Omit every picture. Return all other data as it stands.

PROVIDED DATA:
☆ ☆ ☆ ☆

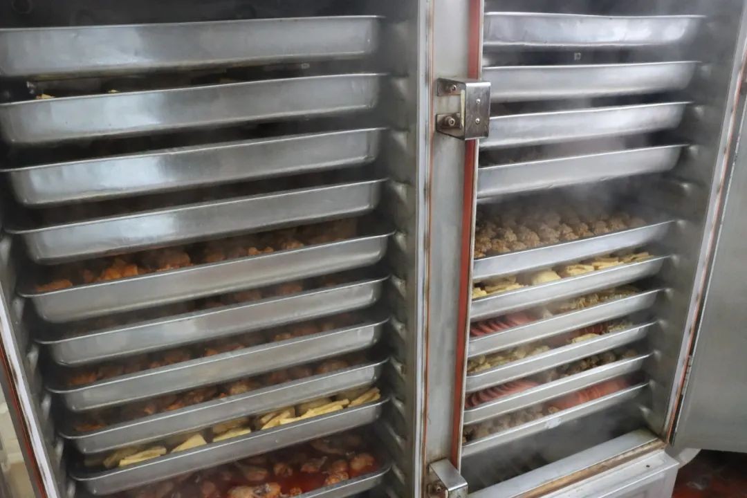 学校从就餐时间和保温方法入手,解决了饭菜变凉的问题。各年级就餐时间分段,餐厅安装保温门帘,每餐次热菜从出锅到餐盘不超过6分钟,烧菜采用专业保温设备保温,提前打开保温售卖台,保证温度达标,量较大的菜肴,采用集中保温、分段供餐的形式来保证温度。
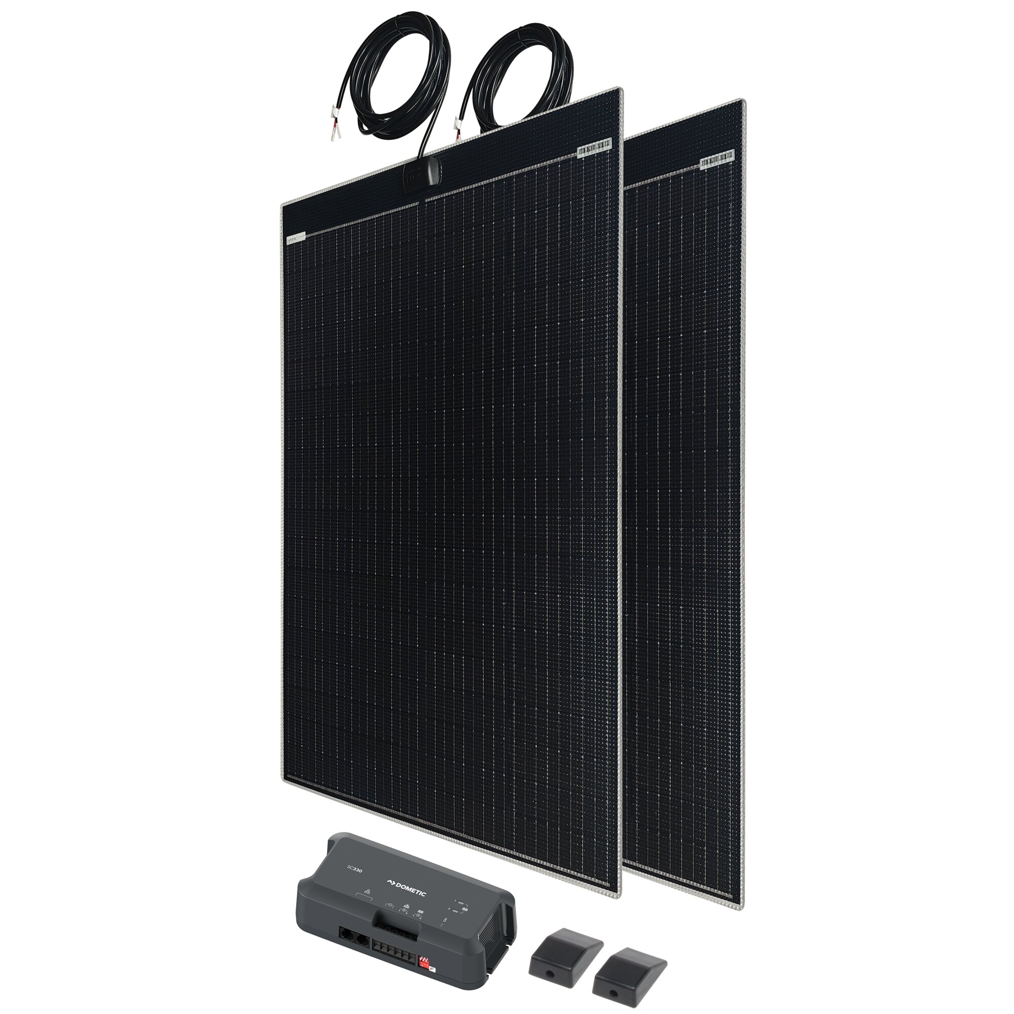 | Zusatzinformation: | Lieferumfang: 2 Light & Flat Solarmodule 130 Wp, fest mit dem Modul verbundenes Anschlusskabel (4 m), Dometic MPPT Solarregler SC 330 mit Bluetooth und N-Bus Konnektivität, 2 druckwasserdichte und aufklebbare Dachdurchführungen. |
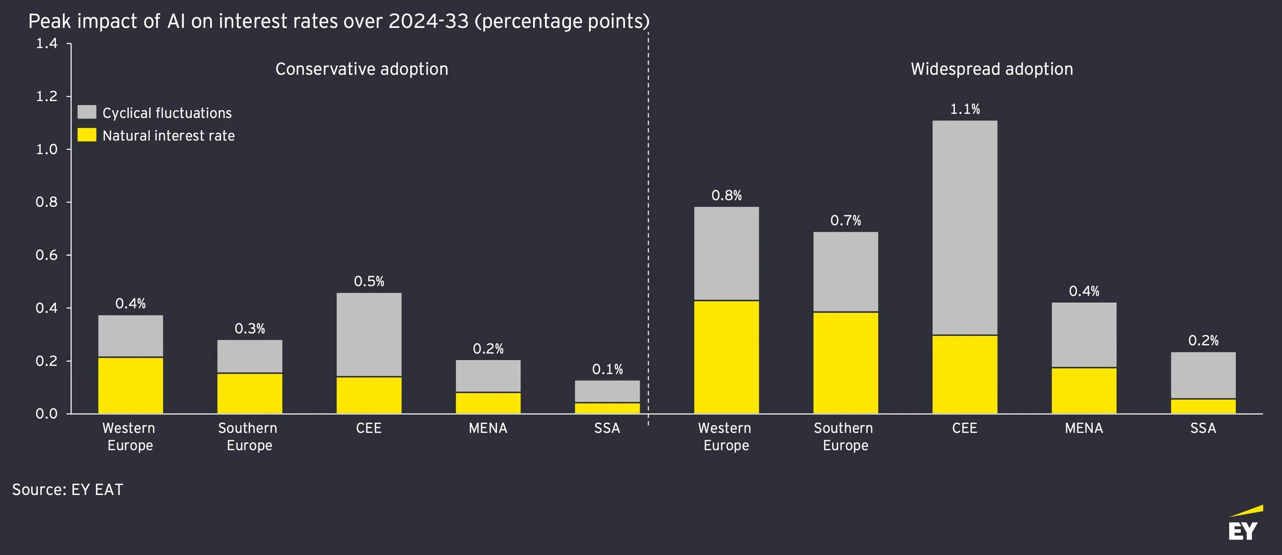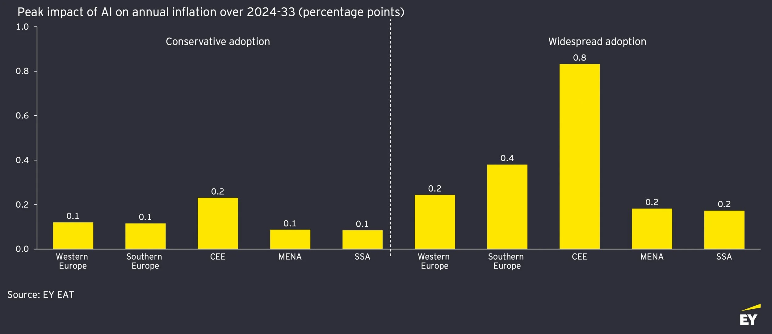 • Inflationary effects of AI adoption are estimated to range from 0.1 to 0.4 percentage points for most regions, peaking at 0.8 in CEE.
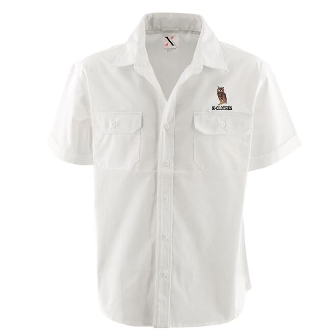 ワンポイント リアル 刺繍 半袖 ワークシャツ メンズ オリジナル ホワイト 白 モカ ロゴ ギフト プレゼント 誕生日 お祝い 父の日 母の日 柄 ハシビロコウ シマエナガ 猫 犬 馬 パンダ ハリネズミ グッズ ori-am-wst2-g09-s | 刺繍の森X-CLOTHES【公式通販サイト】

☆ ☆ ☆ ☆

EXERCISE RESPONSE:
 学校从就餐时间和保温方法入手,解决了饭菜变凉的问题。各年级就餐时间分段,餐厅安装保温门帘,每餐次热菜从出锅到餐盘不超过6分钟,烧菜采用专业保温设备保温,提前打开保温售卖台,保证温度达标,量较大的菜肴,采用集中保温、分段供餐的形式来保证温度。
 | Zusatzinformation: | Lieferumfang: 2 Light & Flat Solarmodule 130 Wp, fest mit dem Modul verbundenes Anschlusskabel (4 m), Dometic MPPT Solarregler SC 330 mit Bluetooth und N-Bus Konnektivität, 2 druckwasserdichte und aufklebbare Dachdurchführungen. |
 • Inflationary effects of AI adoption are estimated to range from 0.1 to 0.4 percentage points for most regions, peaking at 0.8 in CEE.
 ワンポイント リアル 刺繍 半袖 ワークシャツ メンズ オリジナル ホワイト 白 モカ ロゴ ギフト プレゼント 誕生日 お祝い 父の日 母の日 柄 ハシビロコウ シマエナガ 猫 犬 馬 パンダ ハリネズミ グッズ ori-am-wst2-g09-s | 刺繍の森X-CLOTHES【公式通販サイト】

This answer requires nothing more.